El primer viaje del Papa León XIV será a la ciudad de Nicea, en Turquía. El motivo es bien sencillo: el 20 de Mayo de este 2025 se conmemora el MDCC aniversario de la apertura del Concilio de Nicea. No se trata de un Concilio más en la Iglesia, ni su relevancia se debe solo a que fue el primero ecuménico de la Historia. El motivo de su trascendencia va más allá y para conocerlo hay que acudir a sus precedentes, a sus pronunciamientos y a sus consecuencias.

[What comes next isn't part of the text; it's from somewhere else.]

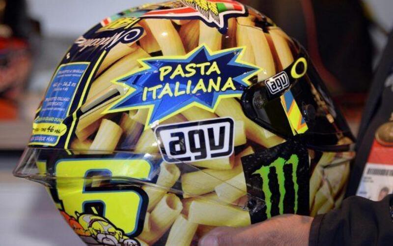Sei anni dopo, mentre gran parte dei calciatori che avevano partecipato a quell’Europeo avevano già appeso gli scarpini al chiodo, Valentino Rossi era ancora in pista e ancora pienamente competitivo. Tanto che con Aldo Drudi diede vita, nel 2014, ad un altro capolavoro capace di celebrare l’italianità: il casco con la pastasciutta. Ma una pastasciutta speciale, con 46 minuti di tempo di cottura e la caratteristica di non scuocere mai.

La herejía de mayor envergadura y peligro en los primeros siglos fue la del Arrianismo. Esta herejía era una reacción de fondo racionalista ante la fe cristiana (Belloc, H. Como aconteció la Reforma, 1945) ya que, al suprimir la divinidad de Cristo, ponía al alcance de la razón humana uno de sus dogmas de fe. Esto facilitó el interés por ella, su crecimiento, y extensión. Pero, además, esta doctrina se rebeló particularmente grave, ya que laceró fuertemente a la Iglesia durante largo tiempo, comenzando en Oriente, y prolongándose en una posterior etapa iniciada con crisis final del Imperio romano de Occidente, que acabó en manos de los pueblos bárbaros integrados en él, y seguidores de aquella creencia.

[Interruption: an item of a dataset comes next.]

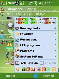 ![]() Описание: Набор полезных утилит, лончер Mobitools - программа для выполнения некоторых полезных функций на Pocket PC КПК: Turn Off, Soft Reset, Tasks manager, Launcher и Speed up. Возможности Mobitools: - Tap n Hold для перехода к экрану Today - Остановить все программы кроме активной - Полностью настраиваемый интерфейс - Отображает статус батарей, памяти, внешних карт памяти - Легко выполняется переключение и закрытие задач, выключение, останов всех программ, Soft Reset - Настройка и замена пиктограмм программ - другое Обновления версии Mobitools 3.3: - Полная совместимость с Windows Mobile 5.0 - Поддержка квадратных экранов - Возможность изготовления скриншотов - Умный мониторинг последних использовавшихся программ - Подсказки к элементам управления - Настройка основного меню Цитата Версия: 3.3 Категория: Интерфейс и лончеры Совместимость: WV2003,5.0 ******

Todo comenzó hacia el 318, con el sacerdote Arrio de Alejandría, que partía de la consideración de Dios como uno plenamente, eterno, increado, e incomunicable, plenamente inmutable, para concluir que, en consecuencia, la creación del Universo, fue llevada a cabo por una criatura distinta a Él, con funciones mediadoras, un agente de la Divinidad, pero sin ser Ella. (Llorca, Historia de la Iglesia católica, Vol. I, 1991). Se trataba de un reflejo lejano del Demiurgo platónico, una concepción que rebajaba la condición del Logos a la de criatura. Sobre ello comenzó a proclamar «que hubo un tiempo en que el Hijo no existía», transmitiendo que era criatura del Padre, y, por tanto, no compartía la misma esencia y naturaleza divina.

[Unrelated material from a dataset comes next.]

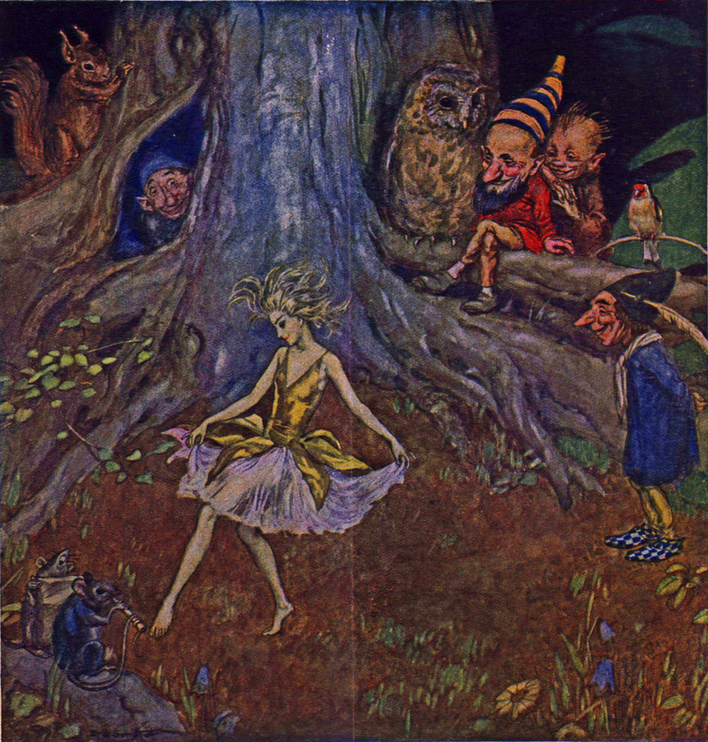 Pinkie and the Fairies by Walford Graham Robertson, 1909, with additional fairy twinkles punched by Indiana University.

La intervención de Constantino
Al decir de Lortz (Historia de la Iglesia en la perspectiva del pensamiento Vol. I. 2003), ello en Alejandría produjo un fuerte impacto y todo el clero se levantó bajo la dirección del Obispo Alejandro y su diácono Atanasio contra semejante concepción tan diferente de la fe de los cristianos. Insistentemente predicaron la verdadera divinidad de Cristo y en un sínodo Alejandro excluiría a Arrio de la Iglesia. Pero la controversia se extendió y llegó a afectar a toda la Cristiandad. El Emperador Constantino, que anhelaba la unidad de la Iglesia, trató de apaciguar el clima con una carta enviada a los dos grandes protagonistas, pero su propósito no alcanzó éxito. Fue así como finalmente llegó a convocar un Concilio de Obispos orientales: el Concilio de Nicea.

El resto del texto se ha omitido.